The Suburban Christian Conference was a system of Christian schools in Chicago's suburbs organized to compete against each other athletically.

==History==
Formerly called the Suburban Catholic Conference, the conference changed its name to the Suburban Christian Conference in 2009 and include four new schools, three of which are from the disbanding Private School League.

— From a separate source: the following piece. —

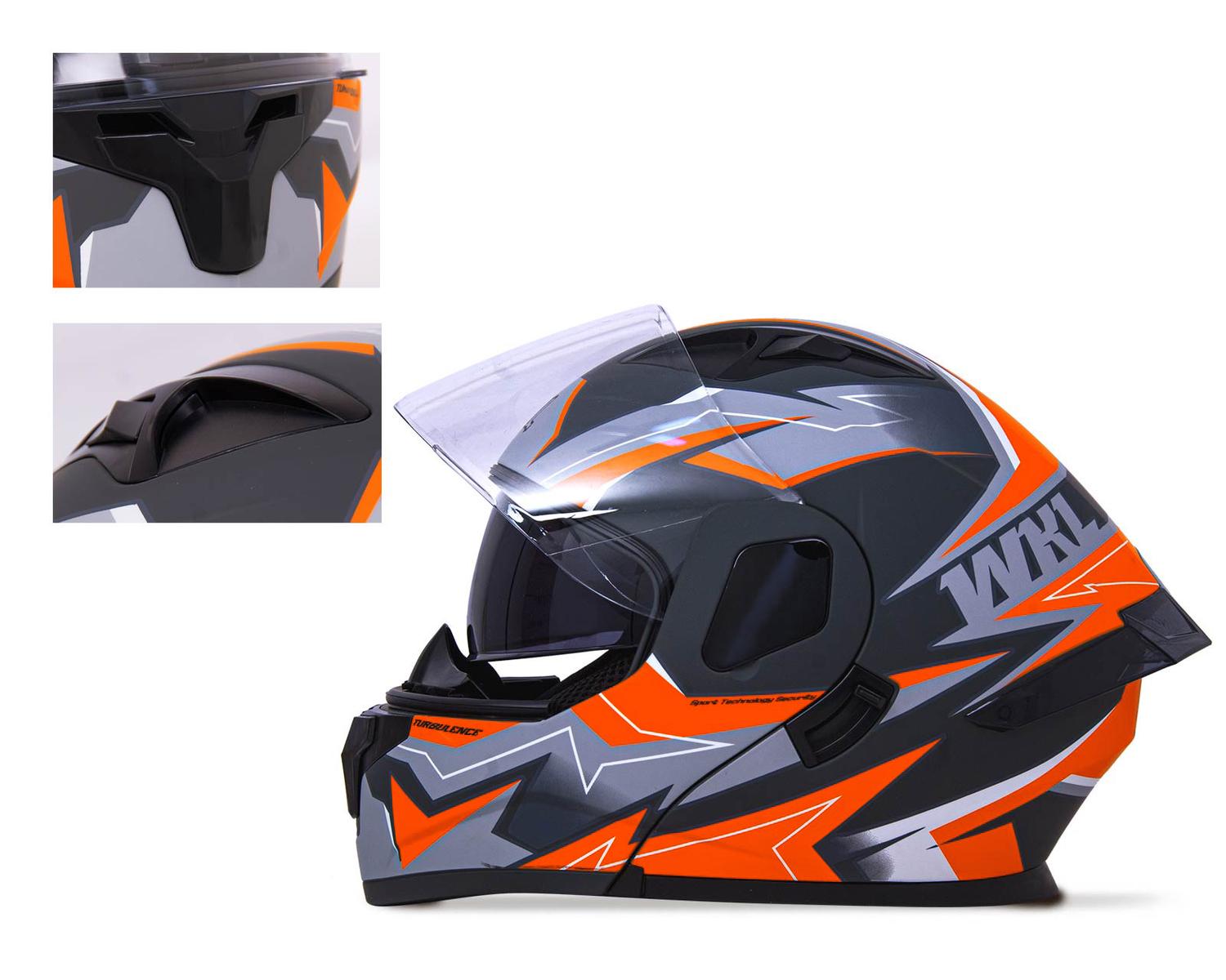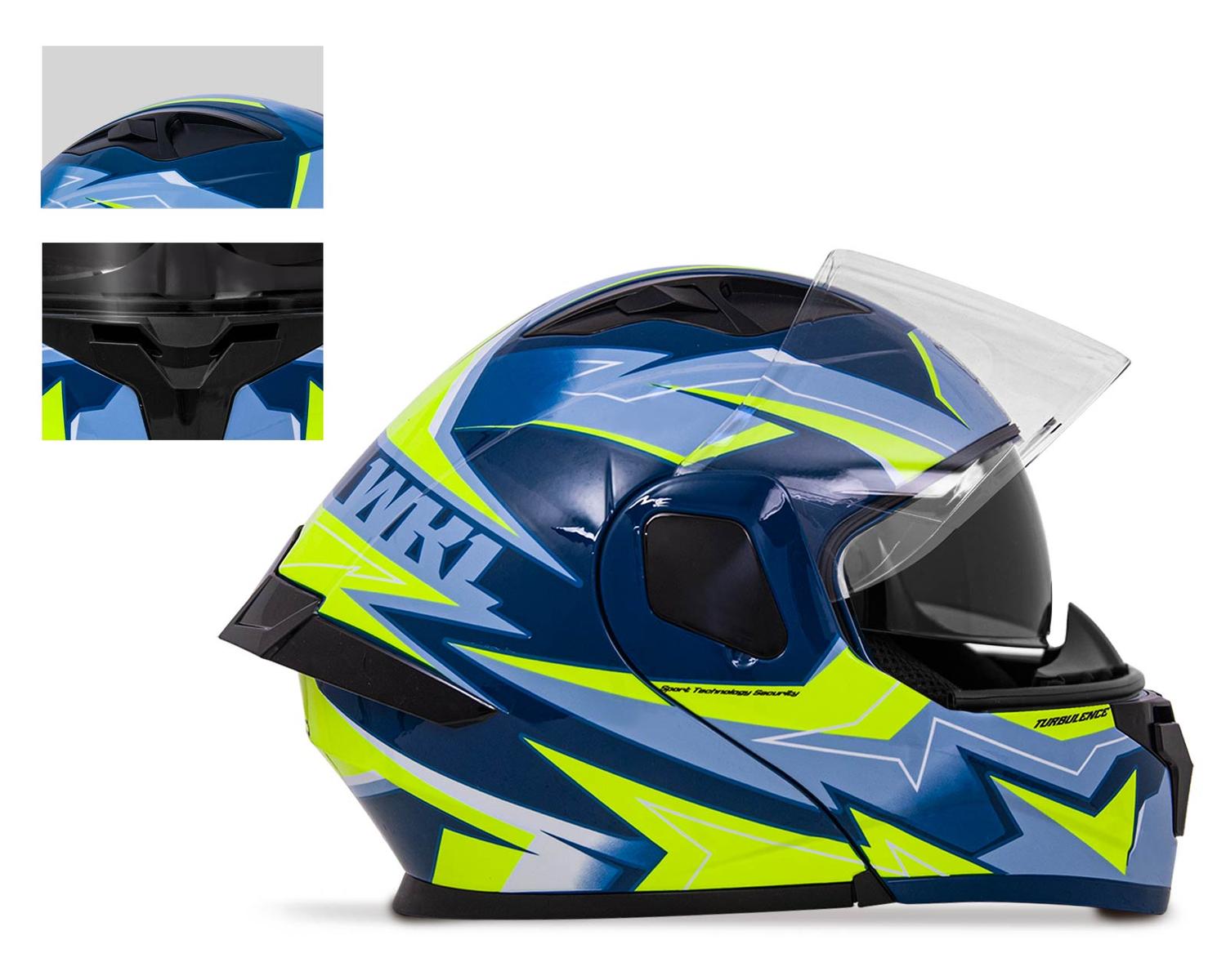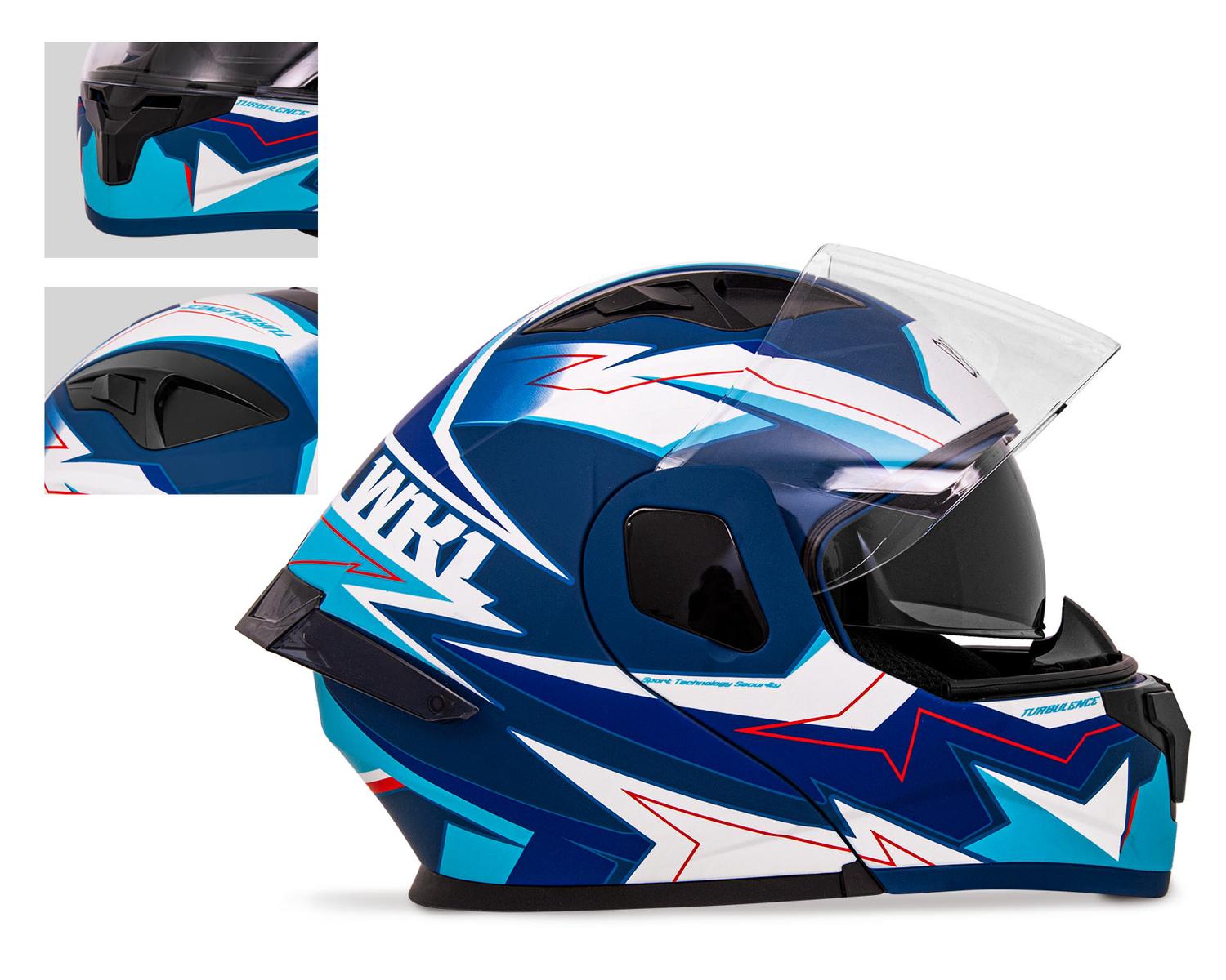 El casco abatible WKL está diseñado para brindarte la máxima seguridad sin sacrificar comodidad. Su sistema abatible permite levantar la mentonera de forma práctica, ideal para trayectos urbanos o paradas rápidas, mientras que su estructura aerodinámica garantiza un manejo estable incluso a altas velocidades.

During the 2013-2014, seven members decided to move to the Metro Suburban Conference, effective during the 2014-2015 academic year. The remaining five high schools moved to either the Chicago Catholic League or the East Suburban Catholic Conference, effectively ended the SCC's run as one of Illinois' premier non-public athletic conferences.

==Member schools==
- Marian Central Catholic High School, Woodstock IL
- Aurora Central Catholic High School, Aurora, IL
- Aurora Christian High School, Aurora, IL
- Guerin College Preparatory High School, River Grove, IL
- IC Catholic Prep, Elmhurst, IL
- Montini Catholic High School, Lombard, IL
- Rosary High School, Aurora, IL
- St. Francis High School, Wheaton, IL
- St. Edward Central Catholic High School (Elgin, Illinois)
- Walther Lutheran High School, Melrose Park, IL (entering in 2010-2011 season)
- Wheaton Academy, West Chicago, IL (entering in 2009-2010 season)

==Former members==
- Driscoll Catholic High School, Addison, IL (closed after the 2008-2009 season)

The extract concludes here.